Zierotin Anna, Mondelli Valeria, Zajkowska Zuzanna
Department of Psychological Medicine, Institute of Psychiatry, Psychology and Neuroscience, King's College London, The Maurice Wohl Clinical Neuroscience Institute, Cutcombe Road, London, SE5 9RX, UK.
Neurosci Appl. 2024 Jul 2;3:104082. doi: 10.1016/j.nsa.2024.104082. eCollection 2024.
Studies in adults have identified potential biomarkers for therapeutic response in depression; however, less is known in the context of depression in young people. Understanding predictive biomarkers could improve treatment selection, considering the low treatment response rates in adolescents and young adults with depression. This study aimed to investigate the relationship between cortisol, immune, and neural markers and treatment outcomes of psychotherapy or antidepressant treatment in young people with depression. We searched OVID Medline, EMBASE, Global Health, and PsycINFO for peer-reviewed studies investigating cortisol, immune and neuroimaging markers in adolescents diagnosed with MDD, ages 10-24, undergoing psychotherapy or antidepressant treatment. Of 25 included studies, 15 assessed neural markers, 8 assessed immune markers, 1 assessed cortisol markers, and 1 assessed neural and cortisol markers. Elevated cortisol response to stress was associated with greater symptom improvement following psychotherapy or antidepressant treatment. Findings regarding the impact of SSRIs on Interleukin (IL)- 1 beta, IL-4, IL-6 and tumour necrosis factor-alpha (TNF-α) are inconsistent, suggesting a potential inflammatory subtype but also highlighting the need for further research. Increased activation and connectivity in brain regions involved in emotion regulation and decreased connectivity of the default mode network were associated with better treatment outcomes after psychotherapy and antidepressant treatment. Our results suggest that neural and immune markers might be involved in the treatment mechanisms through which depression improves. We identified several potential biomarkers associated with treatment outcomes; however, the heterogeneity among study designs and biomarker measurements was high. Future research should investigate biomarkers of differential treatment response, replicate existing studies and focus on predictive analyses of treatment outcomes.

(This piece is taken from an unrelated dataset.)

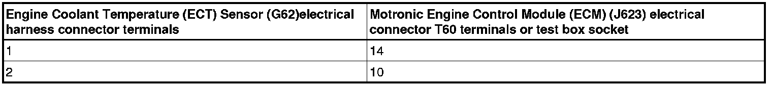 - Using a multimeter, check the Engine Coolant Temperature (ECT) Sensor (G62) terminals 1 to 2 for resistance.

针对成年人的研究已确定了抑郁症治疗反应的潜在生物标志物;然而,对于年轻人抑郁症的情况了解较少。鉴于青少年和青年抑郁症患者的治疗反应率较低,了解预测性生物标志物有助于改善治疗选择。本研究旨在探讨皮质醇、免疫和神经标志物与抑郁症青年患者心理治疗或抗抑郁治疗结果之间的关系。我们在OVID Medline、EMBASE、Global Health和PsycINFO中检索了同行评审研究,这些研究调查了年龄在10 - 24岁、被诊断为重度抑郁症且正在接受心理治疗或抗抑郁治疗的青少年的皮质醇、免疫和神经影像标志物。在纳入的25项研究中,15项评估了神经标志物,8项评估了免疫标志物,1项评估了皮质醇标志物,1项评估了神经和皮质醇标志物。应激时皮质醇反应升高与心理治疗或抗抑郁治疗后症状改善更大有关。关于选择性5-羟色胺再摄取抑制剂(SSRI)对白细胞介素(IL)-1β、IL-4、IL-6和肿瘤坏死因子-α(TNF-α)影响的研究结果不一致,这表明可能存在一种潜在的炎症亚型,但也凸显了进一步研究的必要性。参与情绪调节的脑区激活增加和连接性增强以及默认模式网络连接性降低与心理治疗和抗抑郁治疗后的更好治疗结果相关。我们的结果表明,神经和免疫标志物可能参与了抑郁症改善的治疗机制。我们确定了几种与治疗结果相关的潜在生物标志物;然而,研究设计和生物标志物测量之间的异质性很高。未来的研究应调查不同治疗反应的生物标志物,重复现有研究并专注于治疗结果的预测分析。